Exercise brief: From the first line to the last, transcribe the data exactly and skip the pictures.

#### Supplied information

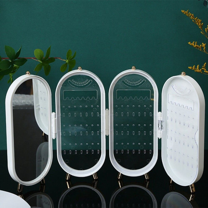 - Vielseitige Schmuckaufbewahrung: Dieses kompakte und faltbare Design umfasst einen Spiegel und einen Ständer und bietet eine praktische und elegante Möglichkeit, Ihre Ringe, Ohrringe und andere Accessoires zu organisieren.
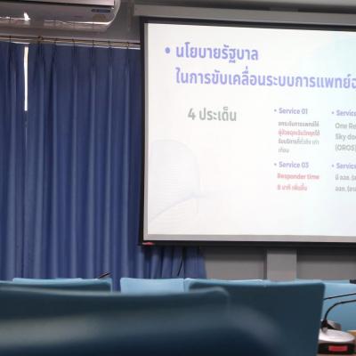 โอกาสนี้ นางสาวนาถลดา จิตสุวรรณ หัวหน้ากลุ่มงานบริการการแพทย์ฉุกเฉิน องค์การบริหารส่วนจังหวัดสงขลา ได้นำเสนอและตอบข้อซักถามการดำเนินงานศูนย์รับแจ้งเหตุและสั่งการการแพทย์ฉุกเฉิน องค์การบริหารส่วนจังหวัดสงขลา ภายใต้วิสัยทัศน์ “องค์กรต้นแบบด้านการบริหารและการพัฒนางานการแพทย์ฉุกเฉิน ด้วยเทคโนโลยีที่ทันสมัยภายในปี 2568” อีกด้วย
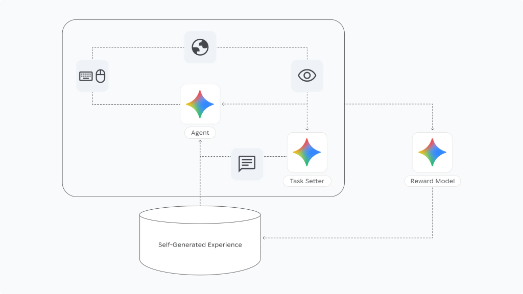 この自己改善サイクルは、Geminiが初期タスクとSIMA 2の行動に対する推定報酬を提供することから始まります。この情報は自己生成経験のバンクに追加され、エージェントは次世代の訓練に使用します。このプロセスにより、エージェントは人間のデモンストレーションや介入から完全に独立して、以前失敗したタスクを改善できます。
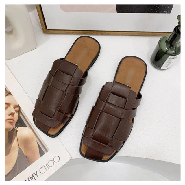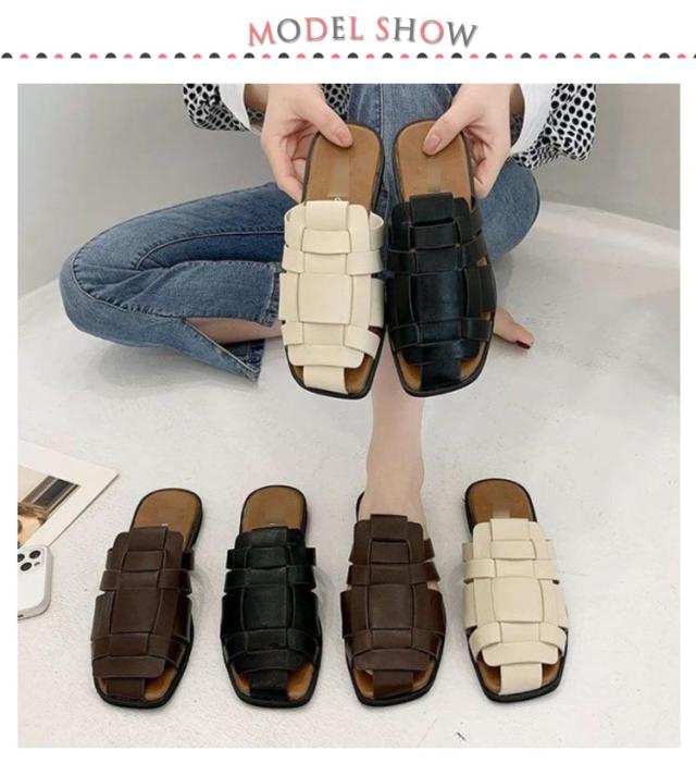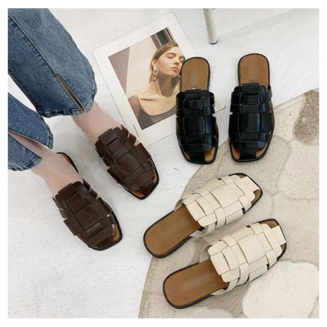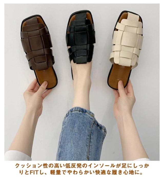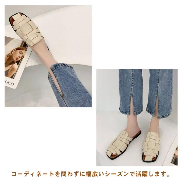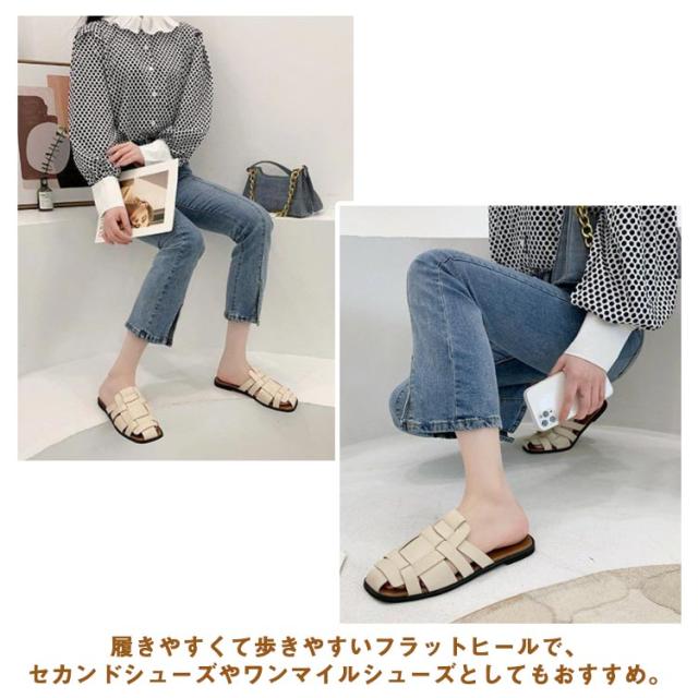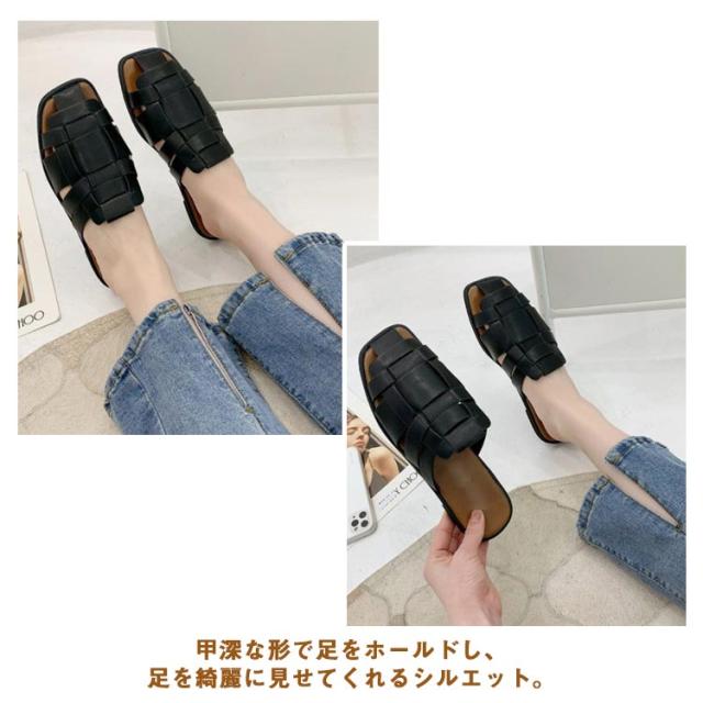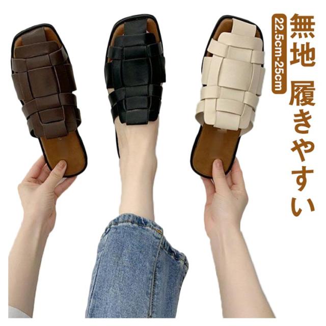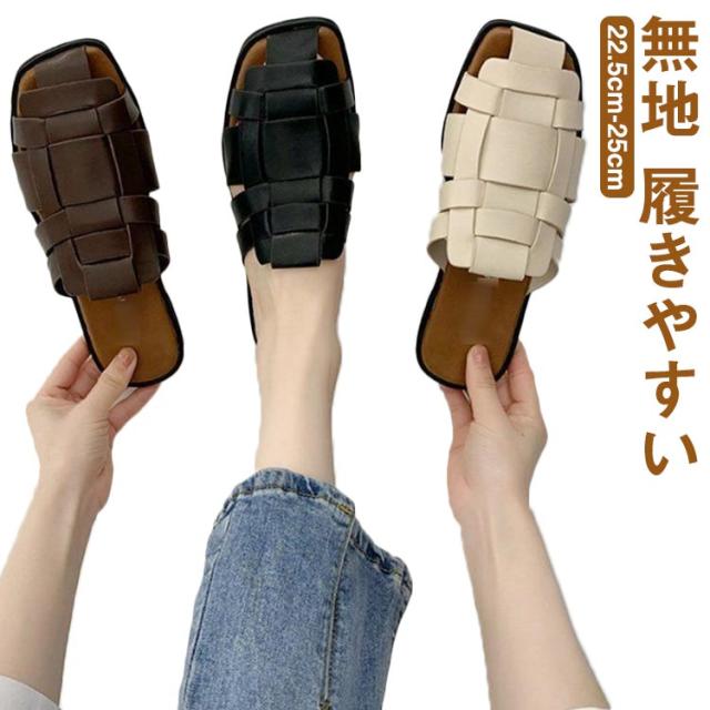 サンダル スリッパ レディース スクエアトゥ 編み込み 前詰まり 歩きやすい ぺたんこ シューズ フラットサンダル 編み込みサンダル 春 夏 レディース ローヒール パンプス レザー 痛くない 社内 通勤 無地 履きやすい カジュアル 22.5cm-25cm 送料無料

########

Response area:
 - Vielseitige Schmuckaufbewahrung: Dieses kompakte und faltbare Design umfasst einen Spiegel und einen Ständer und bietet eine praktische und elegante Möglichkeit, Ihre Ringe, Ohrringe und andere Accessoires zu organisieren.
 โอกาสนี้ นางสาวนาถลดา จิตสุวรรณ หัวหน้ากลุ่มงานบริการการแพทย์ฉุกเฉิน องค์การบริหารส่วนจังหวัดสงขลา ได้นำเสนอและตอบข้อซักถามการดำเนินงานศูนย์รับแจ้งเหตุและสั่งการการแพทย์ฉุกเฉิน องค์การบริหารส่วนจังหวัดสงขลา ภายใต้วิสัยทัศน์ “องค์กรต้นแบบด้านการบริหารและการพัฒนางานการแพทย์ฉุกเฉิน ด้วยเทคโนโลยีที่ทันสมัยภายในปี 2568” อีกด้วย
 この自己改善サイクルは、Geminiが初期タスクとSIMA 2の行動に対する推定報酬を提供することから始まります。この情報は自己生成経験のバンクに追加され、エージェントは次世代の訓練に使用します。このプロセスにより、エージェントは人間のデモンストレーションや介入から完全に独立して、以前失敗したタスクを改善できます。
 サンダル スリッパ レディース スクエアトゥ 編み込み 前詰まり 歩きやすい ぺたんこ シューズ フラットサンダル 編み込みサンダル 春 夏 レディース ローヒール パンプス レザー 痛くない 社内 通勤 無地 履きやすい カジュアル 22.5cm-25cm 送料無料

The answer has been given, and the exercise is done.